But I have no doubt but that Jonah tells us here that he suffered 
extreme agonies, as though every hope of pardon had been cut off 
from him: "What! shall I yet hope that God will be propitious? It is 
not to be hoped." This then is the casting away of which he speaks: 
for it is said that God casts us away, when he allows us no access 
to him. Hence Jonah thought that he was wholly alienated from God. 
Were any to object and say, that then his faith must have been 
extinct; the obvious answer is, - that in the struggle of faith 
there are internal conflicts; one thought is suggested, and then 
another of an opposite character meets it; there would indeed be no 
trial of our faith, except there were such internal conflicts; for 
when, with appeased minds, we can feel assured that God is 
propitious to us, what is the trial of faith? But when the flesh 
tells us that God is opposed to us, and that there is no more hope 
of pardon, faith at length sets up its shield, and repels this onset 
of temptation, and entertains hope of pardon: whenever God for a 
time appears implacable, then faith indeed is tried. Such then was 
the condition of Jonah; for, according to the judgment of the flesh, 
he thought that he was utterly cast away by God, so that he came to 
him in vain. Jonah, then, having not yet put off flesh and blood, 
could not immediately lay hold on the grace of God, but difficulties 
met him in his course. 
    The latter clause is differently explained by interpreters. 
Some take it negatively, "I shall no more look towards the temple of 
thy holiness:" but the words admit not of this explanation. "'Ach" 

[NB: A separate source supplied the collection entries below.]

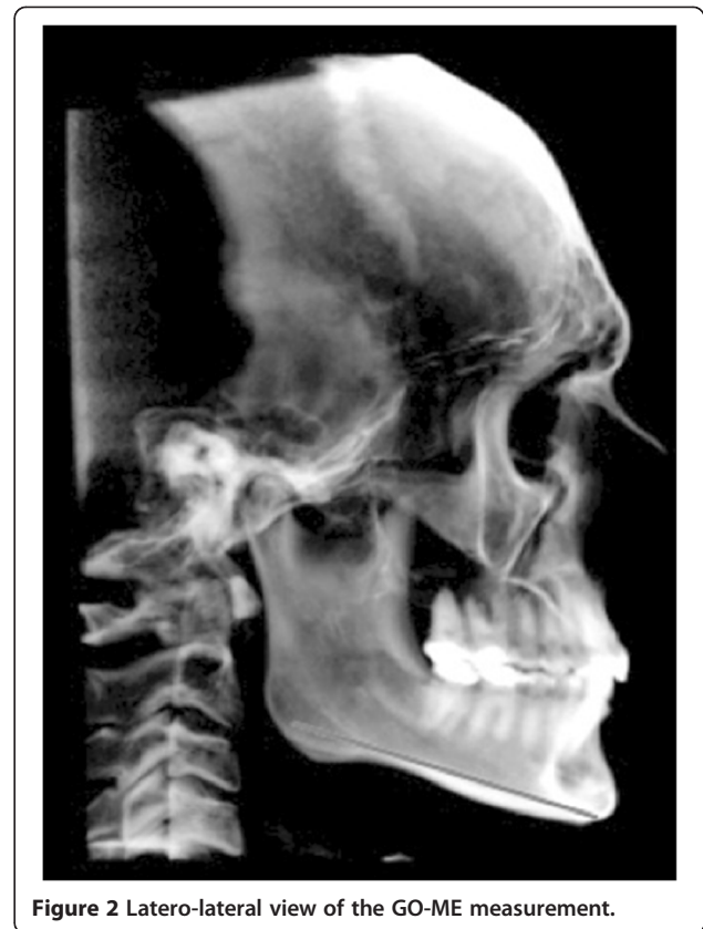
Figure 2 Latero-lateral view of the GO-ME measurement.

The 3D versus 3D comparison assessed by Student's t test where p < 0.05 was not proved to be statistically significant. The 2D versus 2D comparison was not proved to be statistically significant.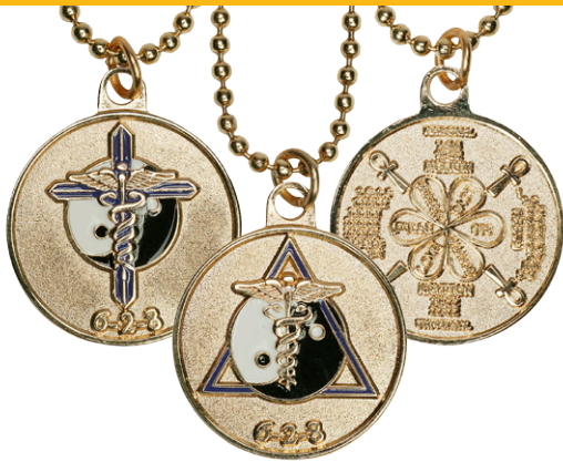
Pendant's diameter is 7/8"

REDUCES: Stress, Anxiety, and Negative Effects of EMF IMPROVES: Vitality, Wellness, Strength, and Performance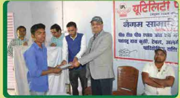
यूपीएल मेधावी छात्र पुरस्कार प्रदत्त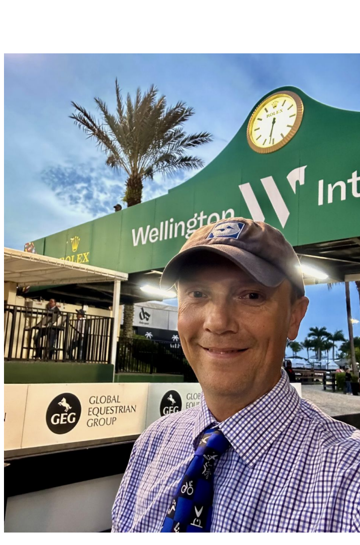
Palm Beach Equine Clinic is the official treating veterinarian for the Winter Equestrian Festival. 🎉 Congratulations to Team Ireland 🇮🇪 Team Canada 🇨🇦 and Team USA 🇺🇸 who prevailed as the Top 3 finishers in the Nations Cup! 🏆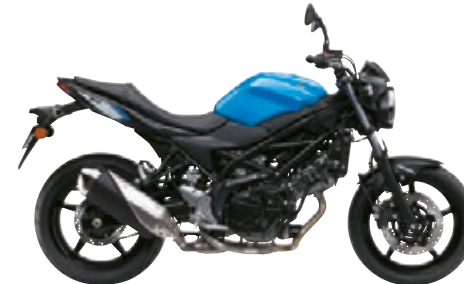
Metallic Triton Blue (YSF)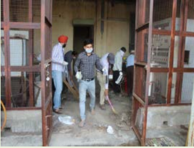
Pic 17 LFMD building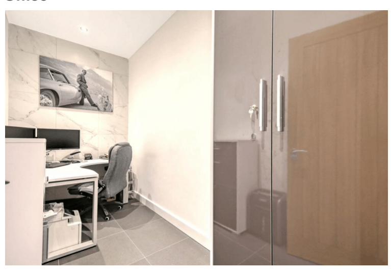
3.70m x 1.68m (12' 2" x 5' 6")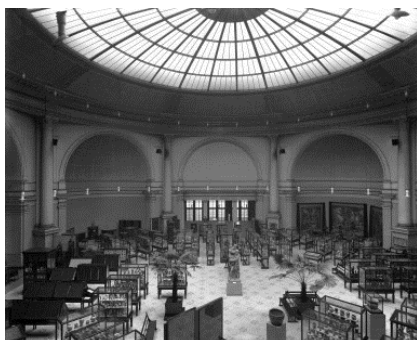
The Octagon (Loan) Court, 1920, V&A Archive, MA/32/410, negative 49410

By 1924, the growth of the Museum's collections was such that the merits of reserving an area as large as the Octagon Court for temporary loans was questioned (archive ref. MA/47/1/1). It was not until 1933, however, that the 'Moot of Senior Officers' decided to assign the space to the Furniture Department and loans were no longer displayed together but absorbed within the appropriate departmental permanent exhibits (MA/47/1/2); this decision was subsequently presented to the Advisory Council for further consideration at its 25 January 1934 meeting (MA/49/1/3).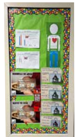
Financial Bulletin Board located in office hallway and Family Life Center.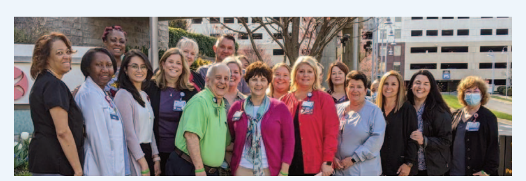
On April 6, WakeMed and HonorBridge administrators, physicians, staff and nurses gathered at WakeMed to honor and celebrate organ and tissue donors with the annual raising of the Donate Life flag. In 2021 the WakeMed team helped carry out organ and tissue donors' wishes by making 47 organ and 104 tissue donations possible – the highest numbers in WakeMed's history and throughout the HonorBridge service area.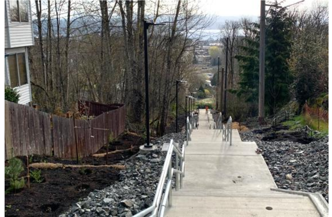
New stairway at S Henderson St.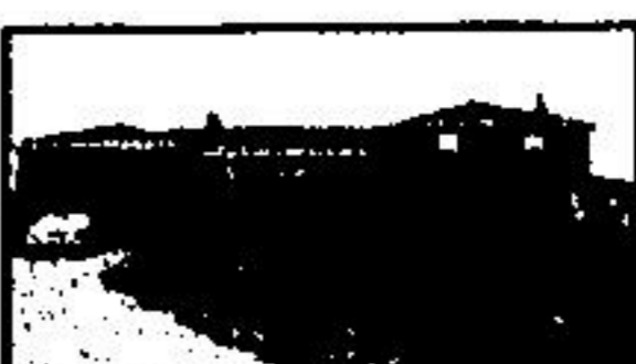
VALUE VALUE VALUE

6 yrs. new, 4 bedroom custom home on 10 acres. Big, big rooms, 3 baths, 3 fireplaces, built in appliances & much more. Only $129,000. Call Marg Parker 877-5296. 3153

means in Hebrew, truly, nevertheless; and it means also, certainly; 
and sometimes it is taken dubitatively, perhaps. The greater part of 
expounders render the clause thus, "But I shall see the temple of 
thy holiness;" as though Jonah here reproved his own distrust, which 
he had just expressed, as the case is with the faithful, who 
immediately check themselves, when they are tempted to entertain any 
doubt: "What! dost thou then cast away hope, when yet God will be 
reconciled to thee if thou wilt come to him?" Hence interpreters 
think that it is a sort of correction, as though Jonah here changed 
his mind, and retracted what he had previously taken up, as a false 
principle derived from the judgment of the flesh. He had said then 
that he had been cast away from the presence of the Lord; but now, 
according to these expositors, he repels that temptation, "But I 
shall see thy holy temple; though I seem now to be rejected by thee, 
thou wilt at last receive me into favor." We may, however, explain 
this clause, consistently with the former, in this way, At least, 
or, but, I would again see, &c., as an expression of a wish. The 
future then may be taken for the optative mood, as we know that the 
Hebrews are wont thus to use the future tense, either when they pray 
or express a wish. This meaning then best agrees with the passage, 
that Jonah as yet doubtingly prays, At least, or, but, I would 
again, O Lord, see the temple of thy holiness. But since the former 
explanation which I have mentioned is probable, I do not contend for 
this. However this may be, we find that Jonah did not wholly 
despair, though the judgment of the flesh would drive him to 
despair; for he immediately turned his address to God. For they who 
murmur against God, on the contrary, speak in the third person, 
turning themselves, as it were, away from him: but Jonah here sets 
God before his eyes, I have been cast away, he says, from the sight 
of thine eyes. He does not remonstrate here with God, but shows that 
he was seeking God still, though he thought that he was cast far 
    Then he adds, "I would at least see again the temple of thy 
holiness". And by speaking of the temple, he no doubt set the temple 
before him as an encouragement to his faith. As then he had been 
cast away, he gathers everything that might avail to raise up and 
confirm his hope. He had indeed been circumcised, he had been a 
worshipper of God from his childhood, he had been educated in the 
Law, he had exercised himself in offering sacrifices: under the name 
of temple he now includes briefly all these things. We hence see 
that he thus encouraged himself to entertain good hope in his 
extreme necessity. And this is a useful admonition; for when every 
access to God seems closed up against us, nothing is more useful 
than to recall to mind, that he has adopted us from our very 
infancy, that he has also testified his favor by many tokens, 
especially that he has called us by his Gospel into a fellowship 
with his only-begotten Son, who is life and salvation; and then, 
that he has confirmed his favor both by Baptism and the Supper. 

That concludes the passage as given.